§ Task item
Please give back the listing below word for word and drop any images.

§ Data
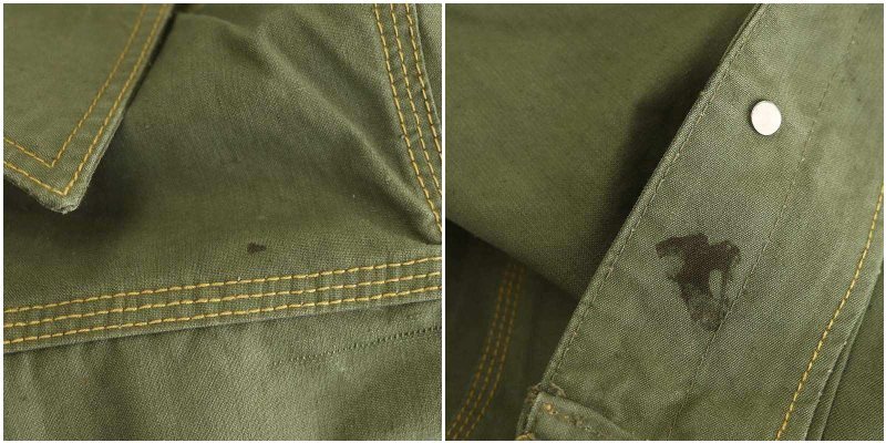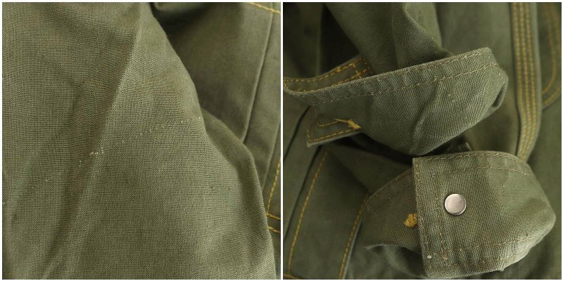 【状態】全体的に複数のキズ、左胸あたりに小さな黒い汚れ、前身頃の裾裏あたりに焦げ茶色の汚れがございます。 ※全体的に中古品としての使用感と上記のようなダメージがありますが、通常使用には支障のない商品です。掲載写真や記載内容をご確認いただき、ご理解の上ご購入ください。
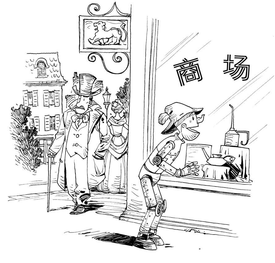 他看到什么了?哎哟,他看到了橱窗里陈列着最近上市、昂贵的“锃亮”牌金属擦油。
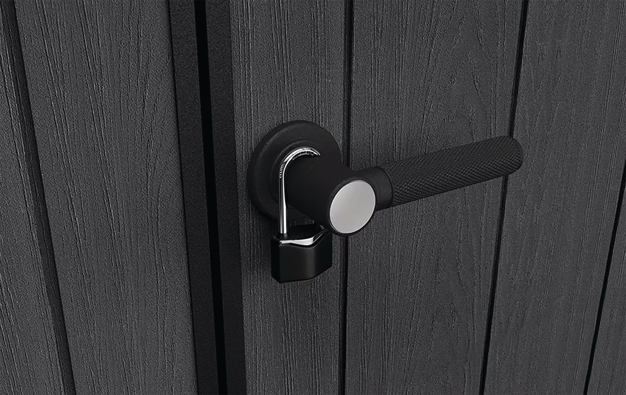 The Oakland Shed is built for durability, its weather-resistant Duotech wall panels provide the look and feel of worn wood. But unlike wood, it will never rot, rust, or dent, and the original finish won't peel. They can also be painted if desired. It includes a heavy-duty floor panel, wide double doors, fixed windows and skylight. Easy to assemble thanks to pre-cut tongue and groove panels. It also comes with a stainless steel locking system for additional security (lock not included). Comes with a D clip wall anchor kit, each set includes 10 anchors that can hold up to 50kg with each D clip holding up to 5kg.

§ Solution to this task
 【状態】全体的に複数のキズ、左胸あたりに小さな黒い汚れ、前身頃の裾裏あたりに焦げ茶色の汚れがございます。 ※全体的に中古品としての使用感と上記のようなダメージがありますが、通常使用には支障のない商品です。掲載写真や記載内容をご確認いただき、ご理解の上ご購入ください。
 他看到什么了?哎哟,他看到了橱窗里陈列着最近上市、昂贵的“锃亮”牌金属擦油。
 The Oakland Shed is built for durability, its weather-resistant Duotech wall panels provide the look and feel of worn wood. But unlike wood, it will never rot, rust, or dent, and the original finish won't peel. They can also be painted if desired. It includes a heavy-duty floor panel, wide double doors, fixed windows and skylight. Easy to assemble thanks to pre-cut tongue and groove panels. It also comes with a stainless steel locking system for additional security (lock not included). Comes with a D clip wall anchor kit, each set includes 10 anchors that can hold up to 50kg with each D clip holding up to 5kg.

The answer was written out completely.